Omid - Challenge 165

data-challenges
advanced-exercises
🔰 165: Customer Grouping Based on monthly transactions, categorize each customer for each month into one of the following groups:
Published

March 24, 2026

Illustration for Omid - Challenge 165

Challenge Description

🔰 165: Customer Grouping Based on monthly transactions, categorize each customer for each month into one of the following groups:

Solutions

library(tidyverse)
library(readxl)

path <- "files/CH-165 Customer Grouping.xlsx"
input <- read_excel(path, range = "B2:D11")
test <- read_excel(path, range = "F2:J6")

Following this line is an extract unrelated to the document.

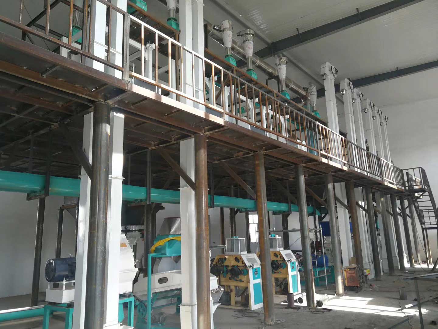內(nèi)蒙古赤峰100噸玉米加工生產(chǎn)線安裝現(xiàn)場(chǎng);
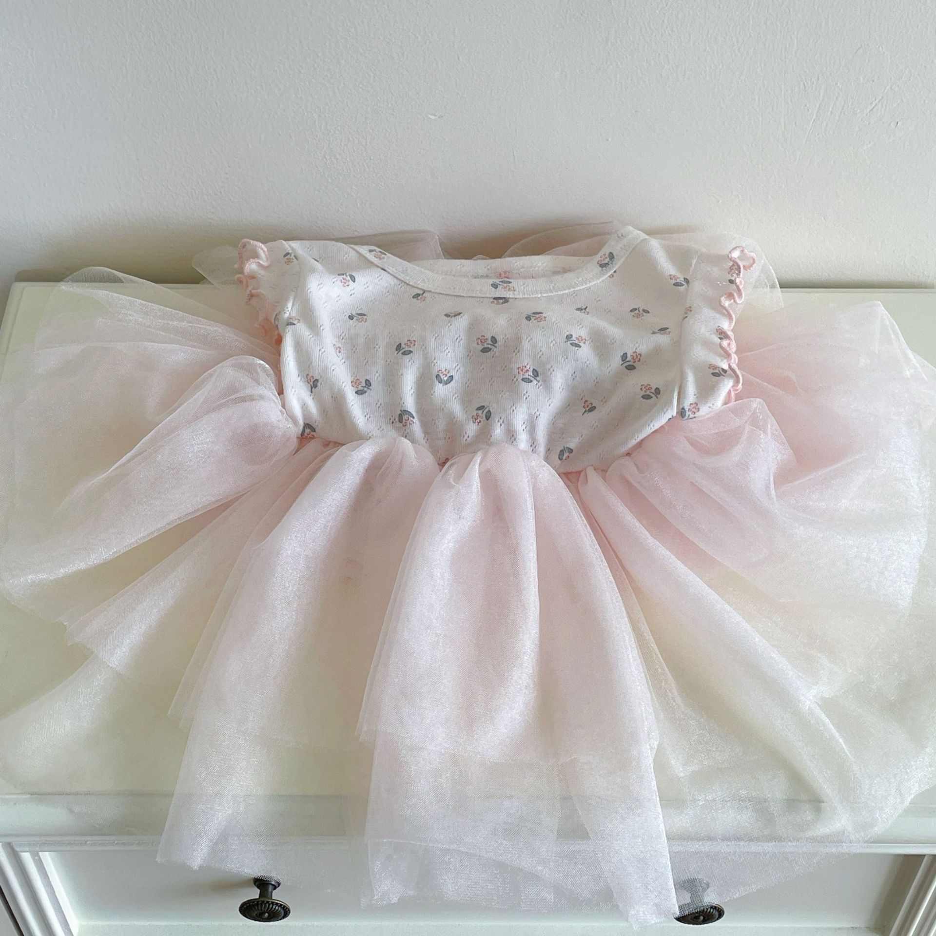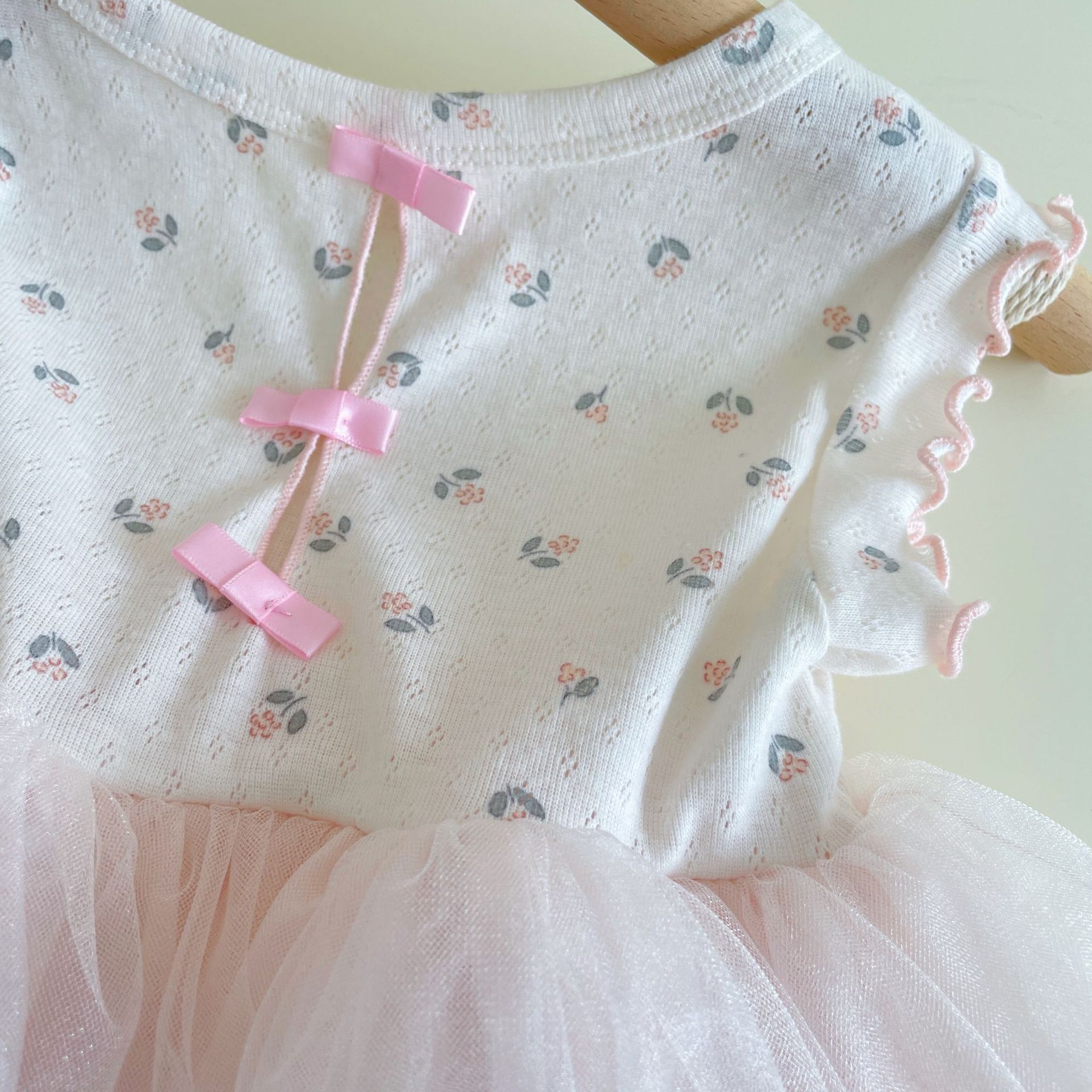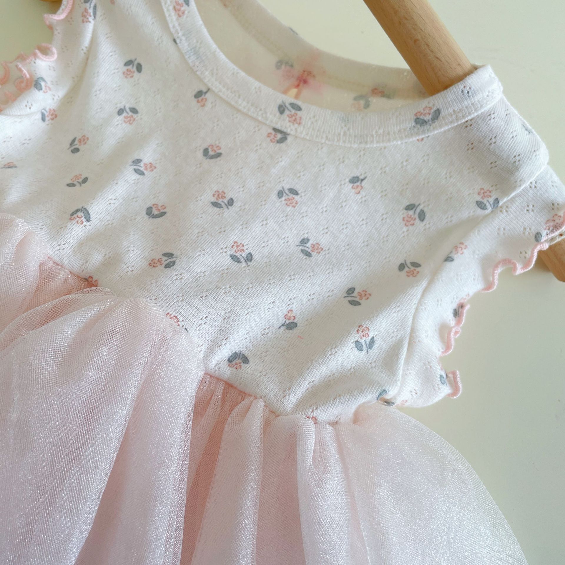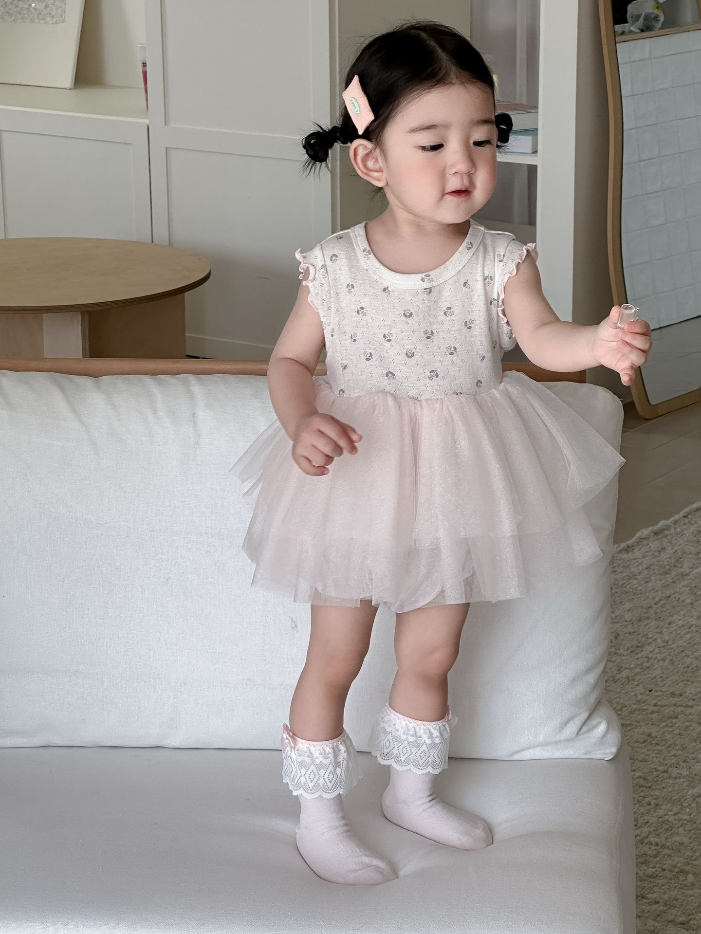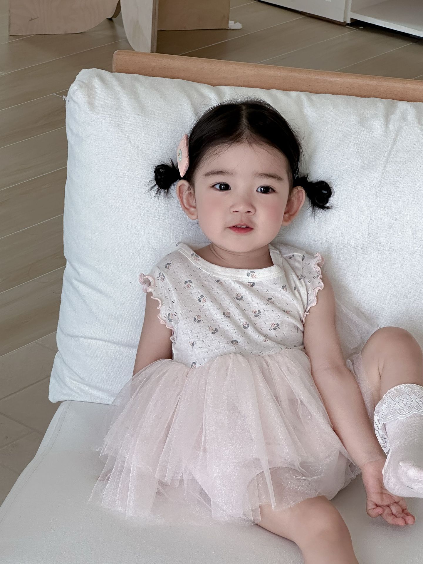 2025 여자 새로운 여름 니트 꽃 거즈 스커트 rompers 투투 스커트 휴가 스타일 공주 스타일 하렘

grid <- expand.grid(unique(input$Month), unique(input$Customer)) %>%
  left_join(input, by = c("Var1" = "Month", "Var2" = "Customer")) %>%
  rename(Month = Var1, Customer = Var2) %>%
  replace_na(list(Quantity = 0)) %>%
  arrange(Customer, Month) %>%
  mutate(FirstDate = min(Month[Quantity > 0]),
         status = case_when(
           Month == FirstDate ~ "New",
           Month < FirstDate & Quantity == 0 ~ "",
           Month != FirstDate & Quantity == 0 ~ "Inactive",
           Month != FirstDate & Quantity > 0 & lag(Quantity) == 0 ~ "Returning",
           Month != FirstDate & Quantity > 0 & lag(Quantity) > 0 ~ "ACTIVE",
           TRUE ~ ""
         ), .by = Customer) %>%
  filter(Month > 1, status != "") %>%
  select(Month, Customer, status) %>%
  summarise(Customer = str_c(Customer, collapse = ", "), .by = c(Month, status)) %>%
  pivot_wider(names_from = status, values_from = Customer) %>%
  relocate(New, .after = Month)

all.equal(grid, test, check.attributes = FALSE) 
#> [1] TRUE
  • Logic:

    • Reads the workbook ranges needed for the challenge

    • Reshapes the data into the grain required by the task

    • Aggregates or ranks values at the relevant grouping level

    • Builds the intermediate columns that drive the final result

  • Strengths:

    • The R solution stays close to the workbook rule and keeps the transformation compact.
  • Areas for Improvement:

    • The code assumes the sheet structure and source ranges remain stable.
  • Gem:

    • The strongest part of the solution is choosing the right intermediate representation before shaping the final output.
import pandas as pd

path = "CH-165 Customer Grouping.xlsx"
input = pd.read_excel(path, usecols="B:D", skiprows=1, nrows=10)
test = pd.read_excel(path, usecols="F:J", skiprows=1, nrows=4).rename(columns=lambda x: x.split('.')[0])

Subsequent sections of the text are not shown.